In the eventgate pipeline the events in the array are unbundled and the pipeline can handle that w/o issues.

@Nuria: By batching I meant an array of events sent in a single request as one payload – as one batch of events. You're referring to a "burst" behavior where events are enqueued and then the queue is flushed, rapidly sending one event after another as separate requests. The patch you linked to – as I understand it and the way we've done it with EPC – is that rapid-fire, "burst" behavior.

In some situations, there might be a benefit of POSTing 1 big request containing an array (batch) of, say, 10 events, than individually POSTing 10 small requests in a rapid succession.
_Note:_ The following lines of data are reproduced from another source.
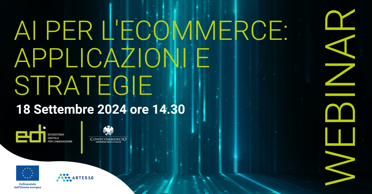 Edi Confcommercio, sportello digitale per l’innovazione delle imprese, organizza Mercoledì 18 settembre alle 14:30 un nuovo evento formativo dal titolo “AI per l’eCommerce: applicazioni e strategie”. con Pietro Bonomo, consulente marketing ed esperto di applicazioni AI.
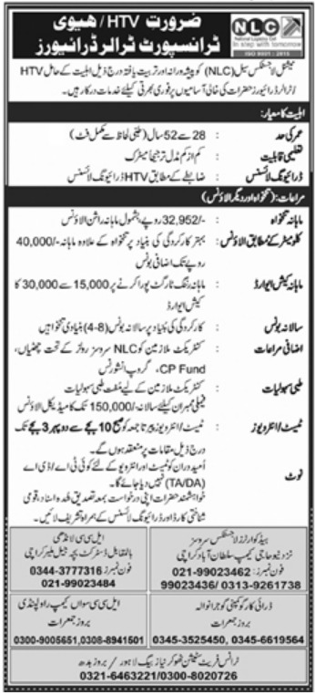 Latest National Logistics Cell NLC Driving Posts Lahore 2025
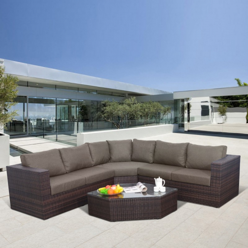 Комплект плетеной мебели для сада гармонично дополнит собой любую зону отдыха. Два больших дивана соединяются углом и рассчитаны минимум на 6 персон. Такое решение особенно понравится гостеприимным хозяевам или членам большой и дружной семьи.
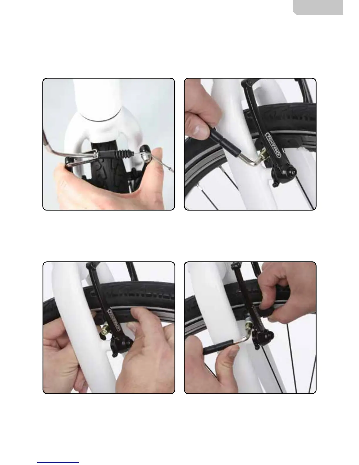 The brake pads should be aligned accurately against the wheel rim. Check both the left and right
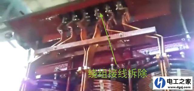 將器身里面滲油的一相繞組與導(dǎo)電桿連接的螺絲卸開。

In some situations, there might be a benefit of POSTing 1 big request containing an array (batch) of, say, 10 events, than individually POSTing 10 small requests in a rapid succession.
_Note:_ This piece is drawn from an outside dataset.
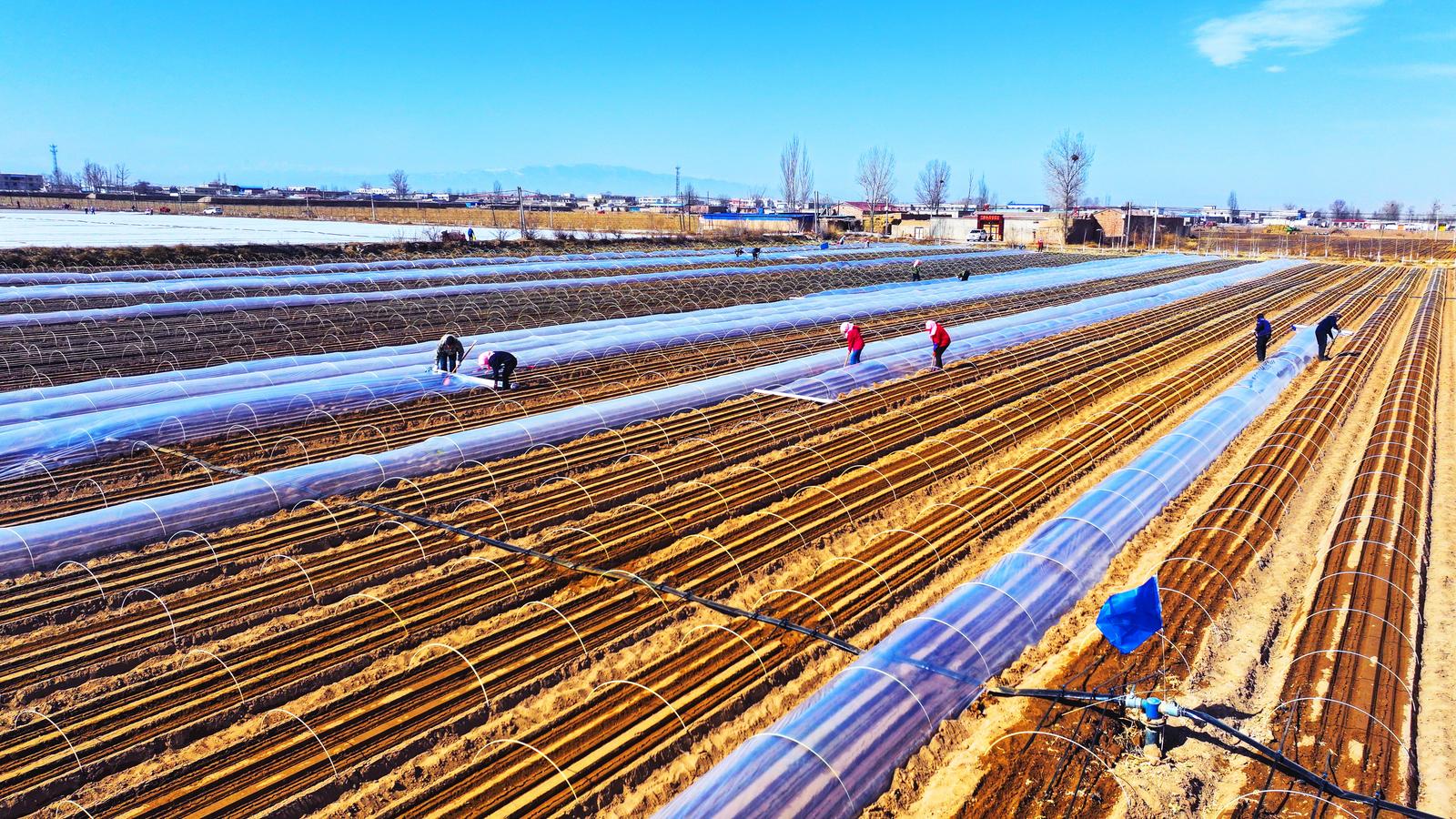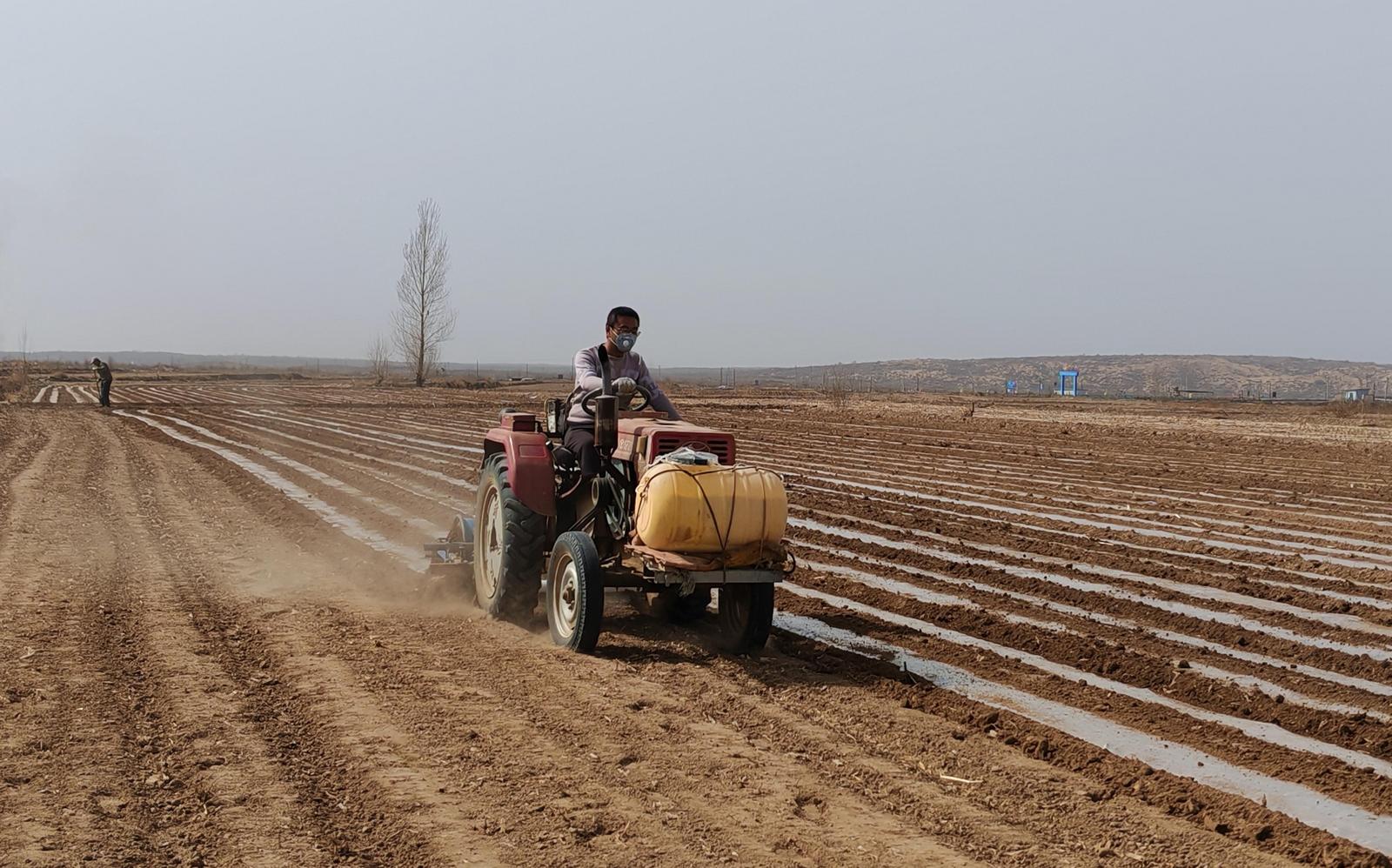 同样在直滩镇龙泉村村民柴宗权的农田里,覆膜也全程使用了机械化,随着覆膜机的匀速前行,一张张地膜整齐铺展,覆于垄上,在阳光下泛着微光。“我们从今天开始就铺地膜了,用的是覆膜机,省时省心又省力。我今年打算种20亩的玉米,因为去年雨水充足,我们就准备赶紧铺完了保墒。”柴宗权说。

In some maybe, in the majority of them, I doubt it. The bulk of your time and battery consumption in mobile goes into waking up the radio (as you mentioned earlier) which you have to do in either case. So the critical perf improvements (when it comes to the battery) are gained from walking up the radio less frequently.

rather than navigator.sendBeacon one at a time which negatively impacts next page load

This statement is , I think, incorrect. The SendBeacon API was designed for this use case in mind, to not affect the next page navigation. It comes to solve that very problem:
"By using the sendBeacon() method, the data is transmitted asynchronously to the web server when the User Agent has an opportunity to do so, without delaying the unload or affecting the performance of the next navigation". See: https://developer.mozilla.org/en-US/docs/Web/API/Navigator/sendBeacon

an optimal batch size

The current (adjustable) limits are independent of the batch array length, but are instead about byte length of individual
messages, and also the total POST body byte length.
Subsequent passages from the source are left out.